**TASK STATEMENT**
Copy out exactly the lines below that run from the one holding "Смеситель для ванной" to the one holding "उपयोग करते ह ।", keeping both of those lines and no others.

**GIVEN DATA**

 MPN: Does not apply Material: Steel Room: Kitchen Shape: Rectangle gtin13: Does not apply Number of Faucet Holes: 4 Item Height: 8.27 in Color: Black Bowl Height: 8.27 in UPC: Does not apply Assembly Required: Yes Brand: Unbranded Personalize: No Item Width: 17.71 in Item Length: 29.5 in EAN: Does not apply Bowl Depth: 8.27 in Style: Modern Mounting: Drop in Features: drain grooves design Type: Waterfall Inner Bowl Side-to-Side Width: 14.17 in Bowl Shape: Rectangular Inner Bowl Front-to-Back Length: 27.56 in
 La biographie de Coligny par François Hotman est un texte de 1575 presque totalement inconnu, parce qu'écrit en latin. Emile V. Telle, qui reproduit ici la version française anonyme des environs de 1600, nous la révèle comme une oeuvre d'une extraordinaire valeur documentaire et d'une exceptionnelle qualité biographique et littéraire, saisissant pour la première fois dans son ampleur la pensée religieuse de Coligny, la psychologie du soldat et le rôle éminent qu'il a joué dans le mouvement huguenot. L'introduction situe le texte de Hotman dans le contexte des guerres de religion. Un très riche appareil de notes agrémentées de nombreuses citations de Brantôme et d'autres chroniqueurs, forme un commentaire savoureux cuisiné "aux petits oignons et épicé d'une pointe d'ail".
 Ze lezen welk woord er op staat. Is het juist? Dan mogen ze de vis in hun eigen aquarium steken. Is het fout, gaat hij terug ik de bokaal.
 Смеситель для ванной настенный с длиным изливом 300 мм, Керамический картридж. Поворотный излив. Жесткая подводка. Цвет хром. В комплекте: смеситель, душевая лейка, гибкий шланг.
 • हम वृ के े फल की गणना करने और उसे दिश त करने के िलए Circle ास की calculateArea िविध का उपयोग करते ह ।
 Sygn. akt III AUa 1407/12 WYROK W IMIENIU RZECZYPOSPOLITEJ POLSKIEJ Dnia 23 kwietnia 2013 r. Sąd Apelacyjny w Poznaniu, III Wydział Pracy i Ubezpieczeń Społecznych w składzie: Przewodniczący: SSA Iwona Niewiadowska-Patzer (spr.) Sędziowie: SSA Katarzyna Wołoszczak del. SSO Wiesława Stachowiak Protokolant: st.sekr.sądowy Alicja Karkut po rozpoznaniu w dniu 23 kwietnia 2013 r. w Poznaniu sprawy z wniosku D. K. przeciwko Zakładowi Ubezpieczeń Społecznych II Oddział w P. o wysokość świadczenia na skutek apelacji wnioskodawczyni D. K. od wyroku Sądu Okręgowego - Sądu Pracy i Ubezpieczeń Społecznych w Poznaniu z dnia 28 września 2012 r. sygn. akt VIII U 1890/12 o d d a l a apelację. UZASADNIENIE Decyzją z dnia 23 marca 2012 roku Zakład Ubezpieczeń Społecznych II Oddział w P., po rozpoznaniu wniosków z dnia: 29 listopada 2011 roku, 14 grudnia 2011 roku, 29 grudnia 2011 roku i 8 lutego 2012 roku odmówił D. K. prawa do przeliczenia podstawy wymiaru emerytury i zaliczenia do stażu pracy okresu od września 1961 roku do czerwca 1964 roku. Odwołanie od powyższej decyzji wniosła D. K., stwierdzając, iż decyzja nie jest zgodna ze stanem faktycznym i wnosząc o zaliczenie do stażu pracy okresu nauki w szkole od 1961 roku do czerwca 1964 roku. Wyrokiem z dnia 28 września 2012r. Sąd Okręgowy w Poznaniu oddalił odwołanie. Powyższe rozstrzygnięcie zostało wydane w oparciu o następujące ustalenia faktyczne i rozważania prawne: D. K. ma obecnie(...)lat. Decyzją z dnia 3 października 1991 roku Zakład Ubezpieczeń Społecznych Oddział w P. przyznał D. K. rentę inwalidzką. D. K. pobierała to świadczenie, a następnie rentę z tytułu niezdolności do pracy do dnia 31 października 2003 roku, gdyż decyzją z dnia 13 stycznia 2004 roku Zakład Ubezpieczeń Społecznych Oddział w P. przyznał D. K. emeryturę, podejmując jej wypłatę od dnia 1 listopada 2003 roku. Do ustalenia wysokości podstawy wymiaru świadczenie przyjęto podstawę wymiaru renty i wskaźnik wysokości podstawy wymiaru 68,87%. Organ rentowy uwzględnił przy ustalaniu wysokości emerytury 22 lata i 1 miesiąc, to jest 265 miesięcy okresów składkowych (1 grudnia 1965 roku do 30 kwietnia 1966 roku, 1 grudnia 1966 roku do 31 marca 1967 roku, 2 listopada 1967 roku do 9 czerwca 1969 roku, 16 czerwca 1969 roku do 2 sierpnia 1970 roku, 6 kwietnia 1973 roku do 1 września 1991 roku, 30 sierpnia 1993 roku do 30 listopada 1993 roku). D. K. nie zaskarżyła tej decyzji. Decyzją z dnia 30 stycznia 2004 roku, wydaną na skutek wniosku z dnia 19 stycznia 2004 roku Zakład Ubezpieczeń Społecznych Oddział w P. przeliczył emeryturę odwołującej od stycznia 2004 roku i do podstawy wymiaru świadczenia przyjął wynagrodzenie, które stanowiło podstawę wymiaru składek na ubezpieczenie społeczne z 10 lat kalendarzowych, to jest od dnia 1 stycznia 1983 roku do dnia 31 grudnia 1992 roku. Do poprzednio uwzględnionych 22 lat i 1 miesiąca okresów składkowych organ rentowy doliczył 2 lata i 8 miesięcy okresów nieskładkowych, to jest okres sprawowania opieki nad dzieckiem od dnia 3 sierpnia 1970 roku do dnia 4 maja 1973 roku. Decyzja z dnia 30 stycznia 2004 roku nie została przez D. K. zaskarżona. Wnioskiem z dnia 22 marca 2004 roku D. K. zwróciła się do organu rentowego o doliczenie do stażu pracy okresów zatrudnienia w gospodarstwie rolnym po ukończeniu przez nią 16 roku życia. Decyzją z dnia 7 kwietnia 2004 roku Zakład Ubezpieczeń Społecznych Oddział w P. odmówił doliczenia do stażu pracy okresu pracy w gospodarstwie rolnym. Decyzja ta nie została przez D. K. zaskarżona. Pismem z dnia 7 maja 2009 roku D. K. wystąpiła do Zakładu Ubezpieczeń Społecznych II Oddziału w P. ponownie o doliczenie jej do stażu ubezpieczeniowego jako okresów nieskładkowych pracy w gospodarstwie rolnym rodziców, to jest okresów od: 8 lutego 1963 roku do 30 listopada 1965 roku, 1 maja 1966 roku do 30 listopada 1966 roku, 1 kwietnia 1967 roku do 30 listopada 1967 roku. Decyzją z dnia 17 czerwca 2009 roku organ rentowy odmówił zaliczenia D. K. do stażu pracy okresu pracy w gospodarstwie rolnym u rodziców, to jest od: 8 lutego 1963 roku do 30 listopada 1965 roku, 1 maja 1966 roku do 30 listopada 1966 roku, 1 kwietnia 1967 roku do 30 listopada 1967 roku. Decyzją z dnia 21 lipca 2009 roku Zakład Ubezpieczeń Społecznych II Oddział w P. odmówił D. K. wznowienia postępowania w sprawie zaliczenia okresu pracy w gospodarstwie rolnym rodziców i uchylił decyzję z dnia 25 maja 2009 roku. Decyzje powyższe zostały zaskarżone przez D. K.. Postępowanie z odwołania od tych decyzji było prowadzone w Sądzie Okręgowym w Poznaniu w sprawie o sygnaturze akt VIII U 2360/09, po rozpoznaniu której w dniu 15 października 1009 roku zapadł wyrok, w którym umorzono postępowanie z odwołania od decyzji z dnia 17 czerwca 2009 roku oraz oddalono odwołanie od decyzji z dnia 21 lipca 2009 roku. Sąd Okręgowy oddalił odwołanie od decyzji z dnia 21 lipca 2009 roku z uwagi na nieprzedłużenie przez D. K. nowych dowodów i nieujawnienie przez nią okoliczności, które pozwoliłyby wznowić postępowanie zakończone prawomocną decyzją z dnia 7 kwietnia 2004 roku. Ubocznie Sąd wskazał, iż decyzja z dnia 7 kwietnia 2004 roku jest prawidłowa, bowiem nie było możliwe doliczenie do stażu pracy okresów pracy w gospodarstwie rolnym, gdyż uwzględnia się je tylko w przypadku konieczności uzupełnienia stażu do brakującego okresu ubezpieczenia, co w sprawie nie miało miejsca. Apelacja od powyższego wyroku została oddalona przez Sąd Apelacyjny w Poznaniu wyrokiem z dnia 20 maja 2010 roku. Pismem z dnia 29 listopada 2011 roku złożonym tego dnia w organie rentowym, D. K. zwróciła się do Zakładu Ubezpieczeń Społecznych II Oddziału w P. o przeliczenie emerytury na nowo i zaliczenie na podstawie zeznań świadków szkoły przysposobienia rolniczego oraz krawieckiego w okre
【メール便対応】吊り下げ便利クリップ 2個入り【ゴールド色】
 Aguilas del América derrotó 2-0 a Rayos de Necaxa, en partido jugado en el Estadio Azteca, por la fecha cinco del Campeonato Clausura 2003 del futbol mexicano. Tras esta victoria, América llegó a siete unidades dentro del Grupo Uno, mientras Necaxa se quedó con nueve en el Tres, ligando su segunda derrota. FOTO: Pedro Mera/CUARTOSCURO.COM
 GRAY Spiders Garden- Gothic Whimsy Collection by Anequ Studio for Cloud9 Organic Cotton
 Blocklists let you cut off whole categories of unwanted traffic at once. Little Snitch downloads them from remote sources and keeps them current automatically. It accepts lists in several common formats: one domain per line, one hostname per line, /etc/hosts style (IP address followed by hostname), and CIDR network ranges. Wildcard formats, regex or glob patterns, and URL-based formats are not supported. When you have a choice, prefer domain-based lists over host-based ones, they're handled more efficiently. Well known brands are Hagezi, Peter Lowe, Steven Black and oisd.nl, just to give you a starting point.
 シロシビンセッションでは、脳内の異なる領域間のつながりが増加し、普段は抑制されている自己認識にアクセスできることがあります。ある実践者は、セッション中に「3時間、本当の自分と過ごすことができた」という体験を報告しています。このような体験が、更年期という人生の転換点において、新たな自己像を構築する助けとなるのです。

**ANSWER BOX**
 Смеситель для ванной настенный с длиным изливом 300 мм, Керамический картридж. Поворотный излив. Жесткая подводка. Цвет хром. В комплекте: смеситель, душевая лейка, гибкий шланг.
 • हम वृ के े फल की गणना करने और उसे दिश त करने के िलए Circle ास की calculateArea िविध का उपयोग करते ह ।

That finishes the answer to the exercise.